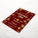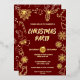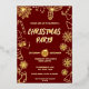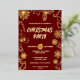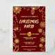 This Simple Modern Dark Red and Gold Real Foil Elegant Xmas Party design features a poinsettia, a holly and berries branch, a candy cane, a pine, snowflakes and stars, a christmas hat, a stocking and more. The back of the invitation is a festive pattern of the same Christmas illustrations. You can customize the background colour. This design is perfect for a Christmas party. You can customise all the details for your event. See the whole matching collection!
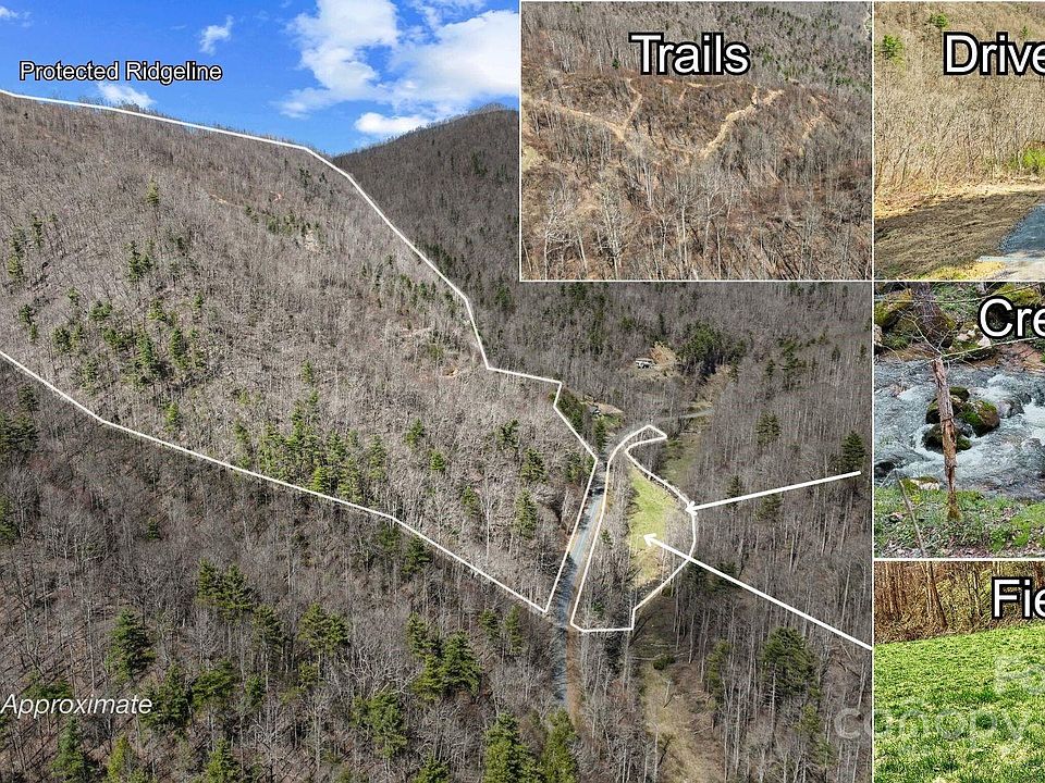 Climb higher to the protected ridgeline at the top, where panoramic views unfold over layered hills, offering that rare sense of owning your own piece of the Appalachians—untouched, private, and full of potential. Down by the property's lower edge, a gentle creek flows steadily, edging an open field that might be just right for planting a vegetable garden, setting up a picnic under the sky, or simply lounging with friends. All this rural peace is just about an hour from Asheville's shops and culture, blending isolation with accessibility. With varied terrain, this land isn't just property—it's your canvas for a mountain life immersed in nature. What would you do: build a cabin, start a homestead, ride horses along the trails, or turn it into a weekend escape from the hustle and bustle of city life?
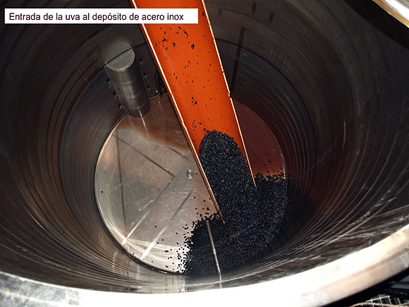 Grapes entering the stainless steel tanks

| Task description |
Each line from the one with "Climb higher to" to the end of the material needs to be output word for word, with no picture included.

| Result below |
 Climb higher to the protected ridgeline at the top, where panoramic views unfold over layered hills, offering that rare sense of owning your own piece of the Appalachians—untouched, private, and full of potential. Down by the property's lower edge, a gentle creek flows steadily, edging an open field that might be just right for planting a vegetable garden, setting up a picnic under the sky, or simply lounging with friends. All this rural peace is just about an hour from Asheville's shops and culture, blending isolation with accessibility. With varied terrain, this land isn't just property—it's your canvas for a mountain life immersed in nature. What would you do: build a cabin, start a homestead, ride horses along the trails, or turn it into a weekend escape from the hustle and bustle of city life?
 Grapes entering the stainless steel tanks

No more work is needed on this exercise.